» **What you are asked to do**
Only the lines from the beginning of the entries through the one that holds "级文物与博物馆学 2 班史静盈的作品《时间煮雨" may appear in the answer, written out exactly and free of pictures.

>>>

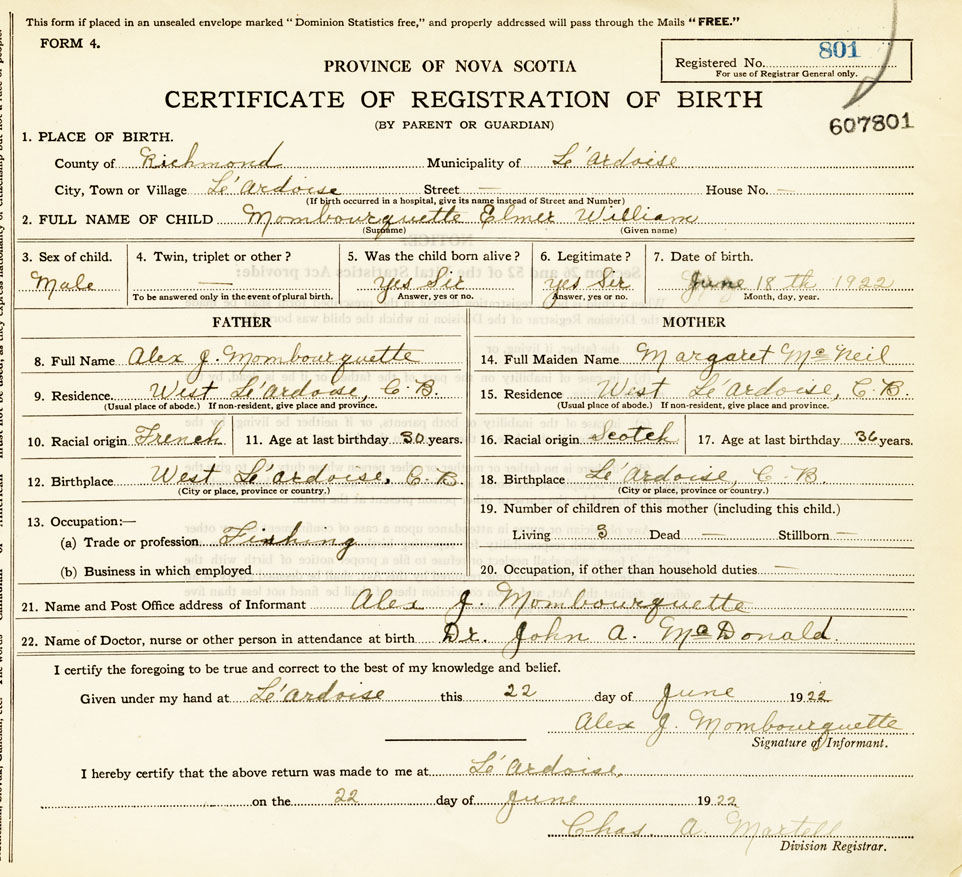 21. Name and Post Office address of Informant Alex J. Mombourquette West L'Ardoise, Cape Breton
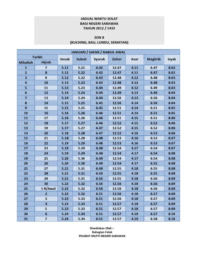 Waktu Solat Kuching Bau Lundu Sematan 2014 Pdf
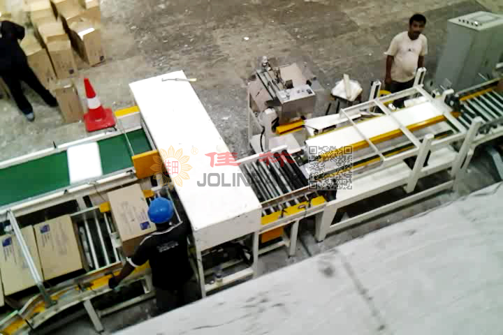 石蠟全自動包裝線:蠟塊通過斜坡輸送機傳送到疊摞皮帶機整列--通過過濾皮帶機傳送到轉向鏈板機--當進入橫向移載鏈板機后將蠟塊推入熱封切機內準備套膜封切收縮--蠟包暫存--紙箱自動開箱--蠟包自動定位--側推式自動裝箱機--側邊式折蓋封箱機--捆包--外箱噴碼--碼垛區暫存輸送--自動碼垛--在線裹膜等一系列包裝工藝流程。
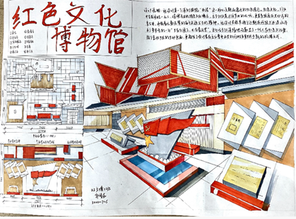 在博物馆展示陈列组比拼中,WilliamHill体育学子以空间为载体,将文化遗产的历史厚度与艺术创意深度融合。22 级文物与博物馆学 2 班史静盈的作品《时间煮雨 —— 电影博物馆时间主题》凭借独特的设计理念斩获一等奖,该方案以 “时间” 为核心,打造 162㎡的电影主题博物馆,划分前台、展示、水吧、放映区等功能区域,采用摄影机型、胶带等元素构建现代艺术风格空间,通过平面布置图(1:100)、空间分析图(含路线分析、区块分析)、A/B 立面图(1:75)及建筑外立面设计,生动诠释时间的流逝、停止与记忆留存的哲学思考,让电影文化遗产的岁月痕迹在空间中具象呈现。
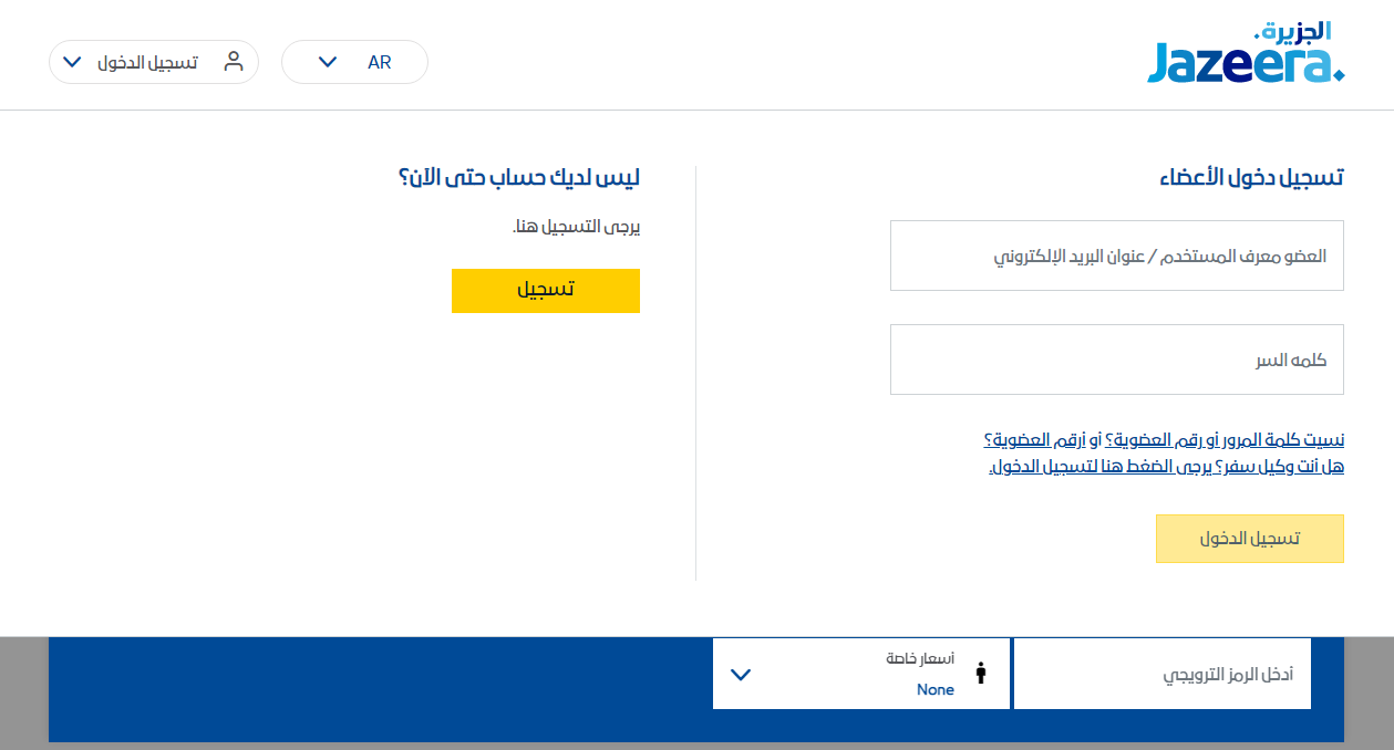 - النقر على تبويب تسجيل الدخول واختيار مسافر من القائمة المنسدلة.
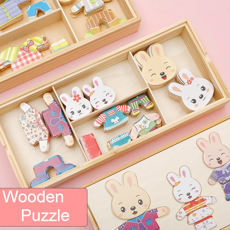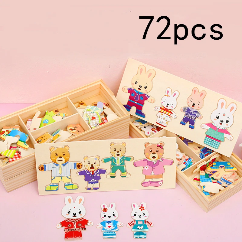 72 шт.монтессори детям развивающие игрушки деревянный пазл для детскаяживотные кролик головоломки, соответствие игры ,приодеть игрушки, развивающая игра, Интерактивные игрушки для малышей
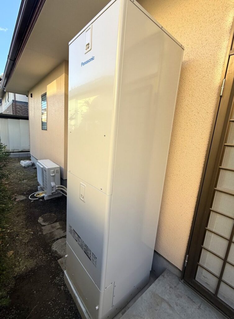 新しく設置したパナソニック製エコキュート「HE-S46LQ」です。460Lの大容量タンクで、ご家族が多くても湯切れの心配なく安心してお使いいただけます。2025年製造の新しいモデルで、省エネ性能が格段に向上。給湯省エネ事業の補助金対象機種です。
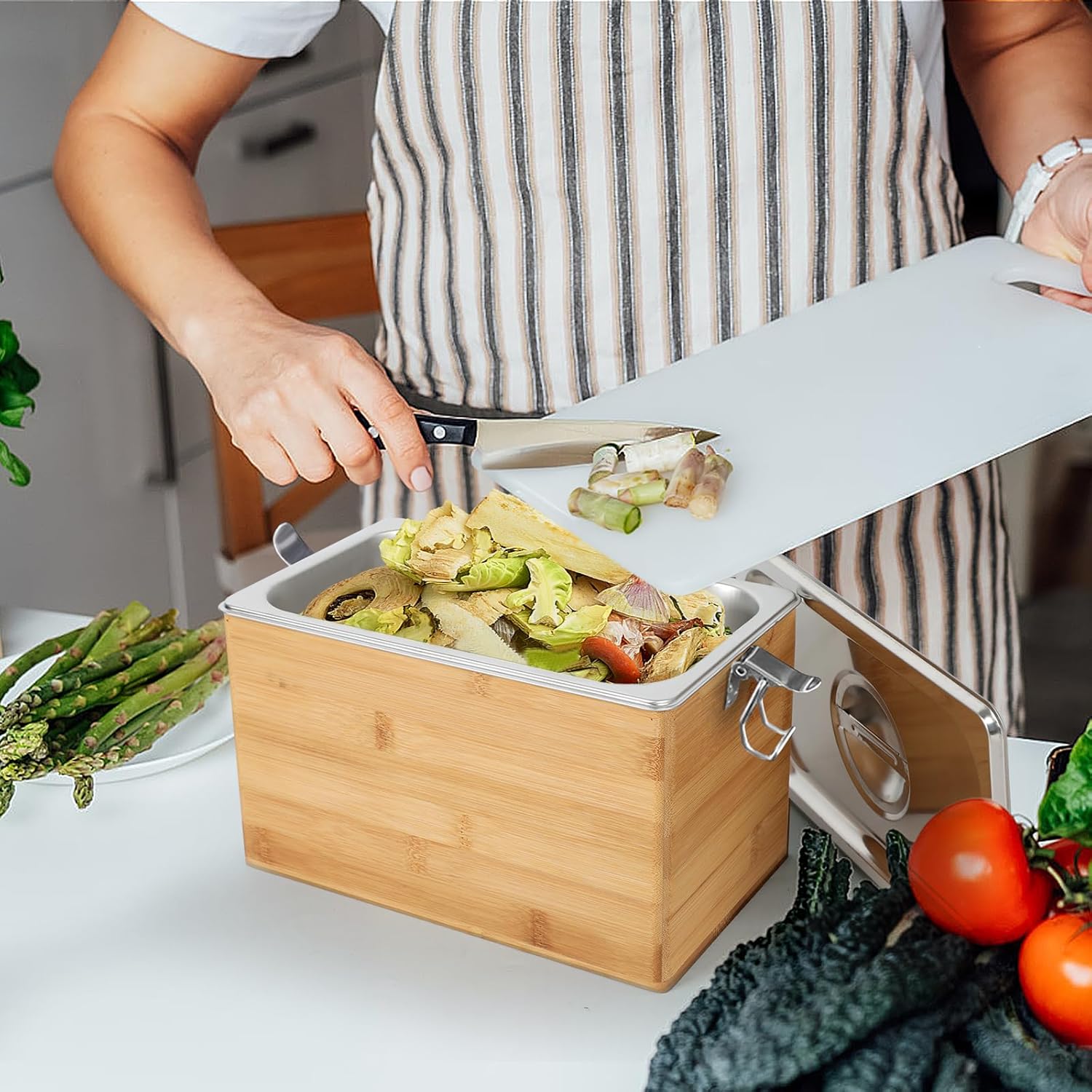 - 【Recessed Design】This kitchen compost bin is easy to clean, when you finish each use, you can directly rinse the built-in stainless steel liner or put it into the dishwasher to clean, and then dry it and then put it into the bamboo wooden box, easy to use

<<<

» **Written response**
 21. Name and Post Office address of Informant Alex J. Mombourquette West L'Ardoise, Cape Breton
 Waktu Solat Kuching Bau Lundu Sematan 2014 Pdf
 石蠟全自動包裝線:蠟塊通過斜坡輸送機傳送到疊摞皮帶機整列--通過過濾皮帶機傳送到轉向鏈板機--當進入橫向移載鏈板機后將蠟塊推入熱封切機內準備套膜封切收縮--蠟包暫存--紙箱自動開箱--蠟包自動定位--側推式自動裝箱機--側邊式折蓋封箱機--捆包--外箱噴碼--碼垛區暫存輸送--自動碼垛--在線裹膜等一系列包裝工藝流程。
 在博物馆展示陈列组比拼中,WilliamHill体育学子以空间为载体,将文化遗产的历史厚度与艺术创意深度融合。22 级文物与博物馆学 2 班史静盈的作品《时间煮雨 —— 电影博物馆时间主题》凭借独特的设计理念斩获一等奖,该方案以 “时间” 为核心,打造 162㎡的电影主题博物馆,划分前台、展示、水吧、放映区等功能区域,采用摄影机型、胶带等元素构建现代艺术风格空间,通过平面布置图(1:100)、空间分析图(含路线分析、区块分析)、A/B 立面图(1:75)及建筑外立面设计,生动诠释时间的流逝、停止与记忆留存的哲学思考,让电影文化遗产的岁月痕迹在空间中具象呈现。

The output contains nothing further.